We have acted as special counsel to Summit Hotel Properties, Inc., a Maryland corporation (the “Company”), in connection with the proposed issuance of up to 12,940,877 shares of common stock, $0.01 par value per share (the “Shares”), to the holders of common units of limited partnership interest (“OP Units”) of Summit Hotel OP, LP, a Delaware partnership and subsidiary of the Company (the “Partnership”), upon redemption of such OP Units by the holders thereof in accordance with the terms of the First Amended and Restated Agreement of Limited Partnership of the Partnership, as amended, which, with your consent, we have assumed is (i) a valid and binding agreement of the parties thereto, enforceable in accordance with the plain meaning of its terms, (ii) in full force and effect, and (iii) the entire agreement of the parties pertaining to the subject matter thereof (the “Partnership Agreement”).
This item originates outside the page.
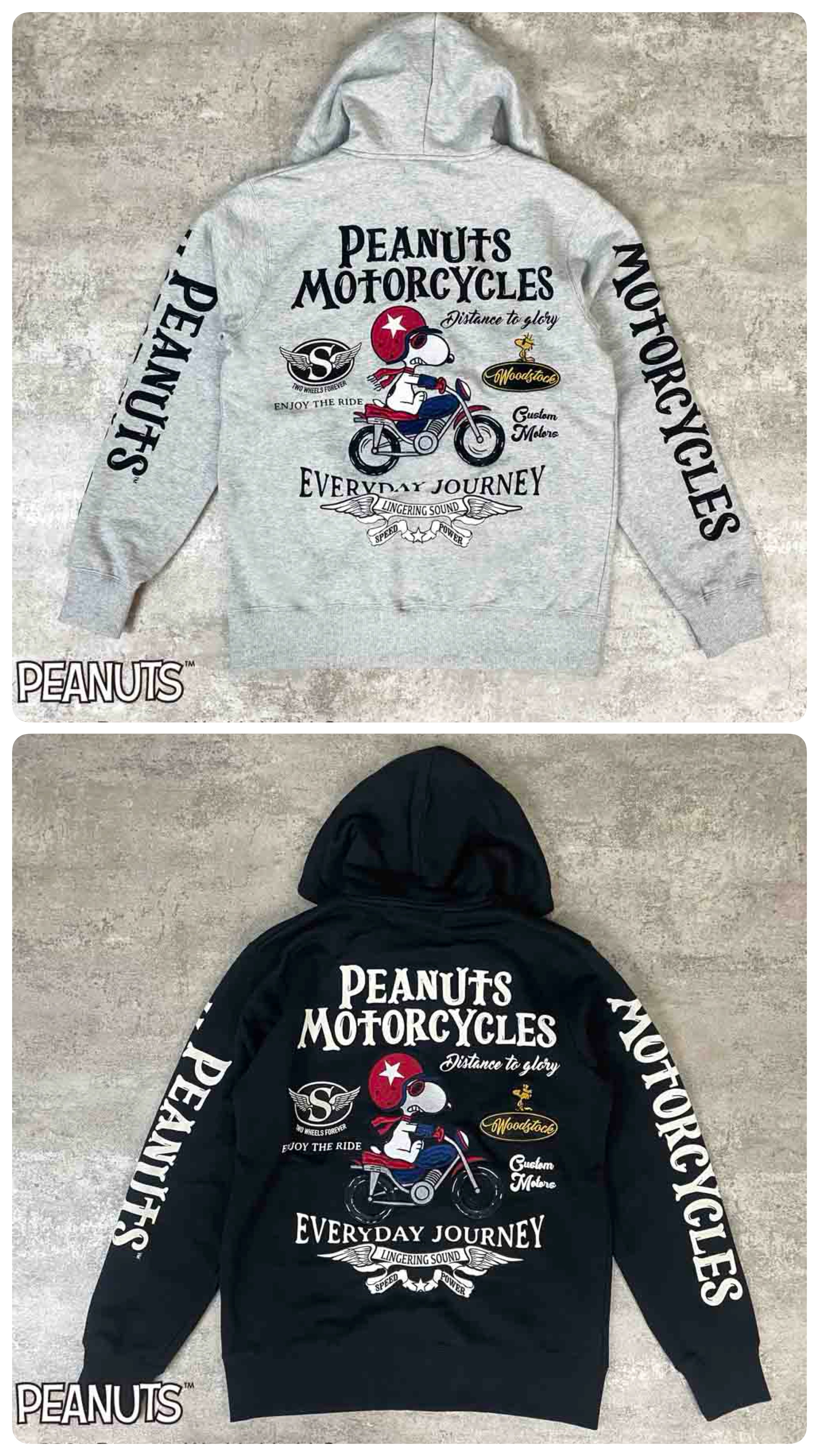 袖のPEANUTS MOTORCYCLEのロゴでワイルドさをプラスした最高の一着です♪

The Shares are included in a registration statement on Form S-3 (as amended, the “Registration Statement”) under the Securities Act of 1933, as amended (the “Act”), filed with the Securities and Exchange Commission (the “Commission”) on May 2, 2025.

 

This opinion is being furnished in connection with the requirements of Item 601(b)(5) of Regulation S-K under the Act, and no opinion is expressed herein as to any matter pertaining to the contents of the Registration Statement or the prospectus contained therein (the “Prospectus”), other than as expressly stated herein with respect to the issue of the Shares.

 

As such counsel, we have examined such matters of fact and questions of law as we have considered appropriate for purposes of this letter. With your consent, we have relied upon certificates and other assurances of officers of the Company and others as to factual matters without having independently verified such factual matters. We are opining herein as to the General Corporation Law of the State of Delaware (the “DGCL”), and we express no opinion with respect to the applicability thereto, or the effect thereon, of the laws of any other jurisdiction or, in the case of Delaware, any other laws, or as to any matters of municipal law or the laws of any local agencies within any state.

 

 

 

 

May 2, 2025
Page 2

 

 

Subject to the foregoing and the other matters set forth herein, it is our opinion that, as of the date hereof, when the Shares are issued and delivered by the Company in accordance with the terms and conditions set forth in the Partnership Agreement and in the manner contemplated by and in accordance with the Registration Statement, the issue of the Shares will have been duly authorized by all necessary corporate action of the Company, and the Shares will be validly issued, fully paid and nonassessable.

 

This opinion is for your benefit in connection with the Registration Statement and may be relied upon by you and by persons entitled to rely upon it pursuant to the applicable provisions of the Act. We consent to your filing this opinion as an exhibit to the Registration Statement and to the reference to our firm contained in the Prospectus under the heading “Legal Matters.” In giving such consent, we do not thereby admit that we are in the category of persons whose consent is required under Section 7 of the Act or the rules and regulations of the Commission thereunder.